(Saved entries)
* * * * * * *

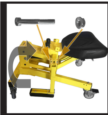
Step 5: Replace the arr
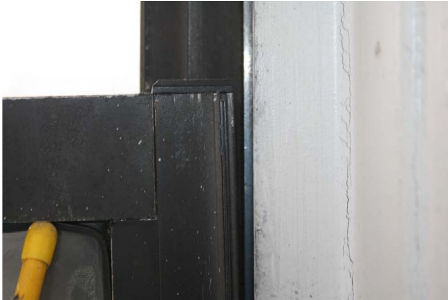
Inspection 3: Windows throughout the unit were drafty, and several were unable to properly open and close. HPD did not identify this violation during its July 2018 inspection.
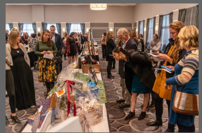
Guests enjoying the silent auction
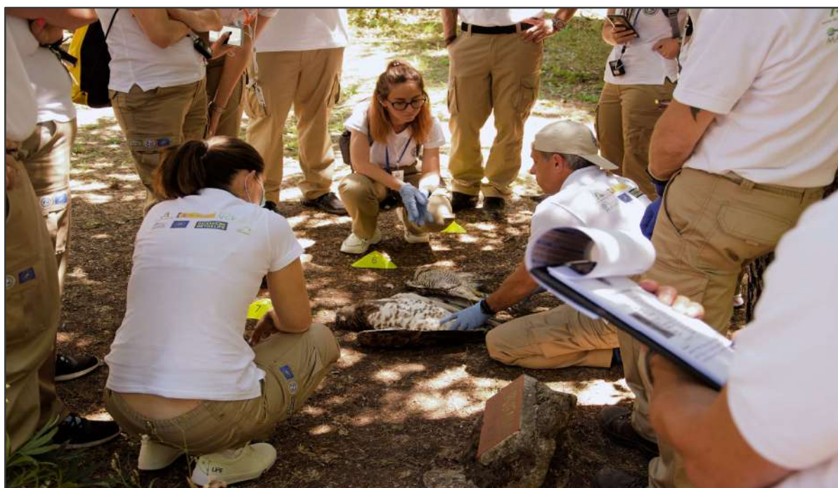
Photo 3. Practical training session of Level I training module about body posture of dead wild animals
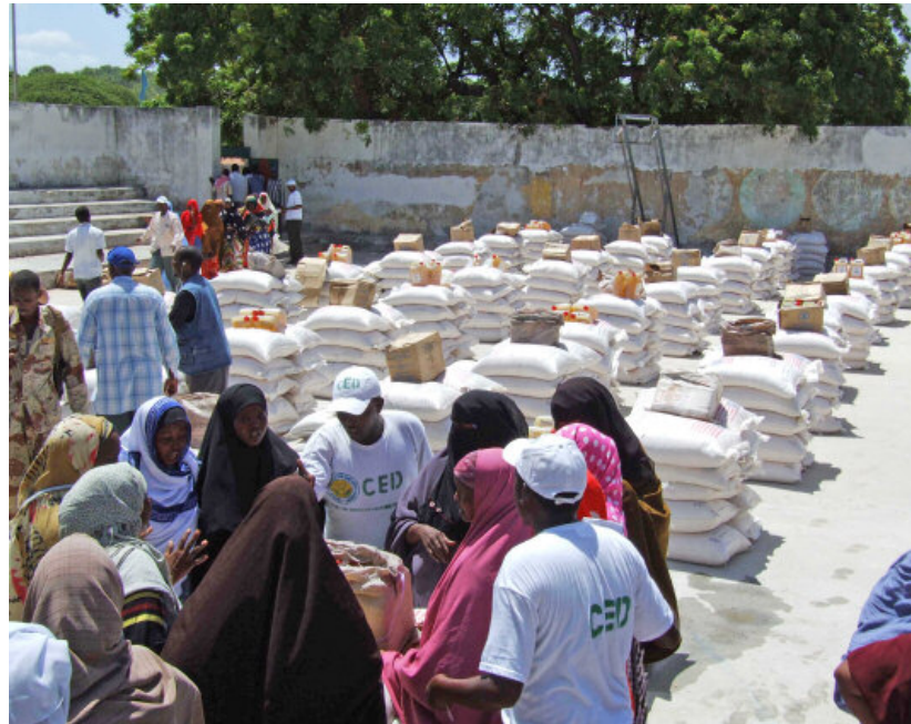
Distribution of food aid by a Somali humanitarian organization in Madina, Mogadishu, May 2007. Such aid is now under threat.

organizations, as the possibility that armed opposition groups are targeting their staff solely because of their work must be assessed, to ensure the safety of their staff and partner organizations. Currently many humanitarian organizations do not believe their staff are being targeted by armed opposition groups solely because of their delivery of emergency humanitarian aid or services; they have consequently assessed that they can continue delivering essential humanitarian aid and services in southern and central Somalia. However, the number of humanitarian staff killed

* * * * * * *

(Exercise) Give an exact copy of the entries, excluding all pictures.

(Your solution)
Step 5: Replace the arr
Inspection 3: Windows throughout the unit were drafty, and several were unable to properly open and close. HPD did not identify this violation during its July 2018 inspection.
Guests enjoying the silent auction
Photo 3. Practical training session of Level I training module about body posture of dead wild animals
Distribution of food aid by a Somali humanitarian organization in Madina, Mogadishu, May 2007. Such aid is now under threat.

organizations, as the possibility that armed opposition groups are targeting their staff solely because of their work must be assessed, to ensure the safety of their staff and partner organizations. Currently many humanitarian organizations do not believe their staff are being targeted by armed opposition groups solely because of their delivery of emergency humanitarian aid or services; they have consequently assessed that they can continue delivering essential humanitarian aid and services in southern and central Somalia. However, the number of humanitarian staff killed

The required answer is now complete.